There’s been a lot of confounding diatribes in the news these days and I wouldn’t touch them for fear of being labeled an Islamophobe by Hollywood persons. A safer controversy is to do with a new book on how real art curators have been neutered by our curatorial culture. What occurs to me (within my limited purview in discussing our culture, national and world) is that this may be an illusion blown out of proportion. What gives me this privilege? I have an MFA. So there! If artist, Barbara Kruger can go on intelligent, BBC talk shows and discuss art –– I can too. Well, she didn’t really talk about art so much as where the art world is now as opposed to her heyday in the Eighties and Nineties. She did mention her favorite typeface, Futura Condensed Italic. Her encapsulization of the new-money enriched art world, she didn’t want to talk about. Don’t bite the hand that feeds? Isn’t that one of her text pieces? What felt odd about her performance (aside avoiding a gritty discussion of her work) was that she admitted casually that all art is now outside consideration by anyone but elites. How can this be? I thought she was of the school that skewered the “genius” and “patriarchal” myths. She admitted that her cultural surveys are mostly pop cultural. So why are her comments any better than mine or yours? Is it because we are trained in deconstruction and (though we aren’t allowed to admit it) we see the world more clearly than CNN and butch guys in baseball caps driving Dodge Rams.

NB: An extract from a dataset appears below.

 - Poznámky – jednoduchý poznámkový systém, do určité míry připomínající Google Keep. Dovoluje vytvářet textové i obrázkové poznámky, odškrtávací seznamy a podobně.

We should treasure the outdated focus of art and criticism (where oranges are in another basket than lemons) because without the scrutiny every ninny with a smart phone is a so-called encyclopedia and curator. That isn’t much of a claim I know, but still any overview about art (with a big-A) is important, especially at dinner parties. Perhaps, there is a sleight of hand in the way our technology gives us the belief that we are all current, up to date and full of progressive ideas and understanding. Of course, I disagree. We are college educated, middle class people who have no status anymore – I can hear the echoes of Islamophobism heading my way – and this troubles me. This distinguishes us from others who work for a living instead of scribbling flippant, on-line essays! Yet, artists aren’t the only ones who imagine being “un-plugged” or “off the grid.” There are loads of philosophical crazies planning to survive after the balloon goes up, whatever that balloon may be. There are lots of TV shows about it. It makes people nervous but I am not bothered. No one can track me down except the NSA and they couldn’t care less.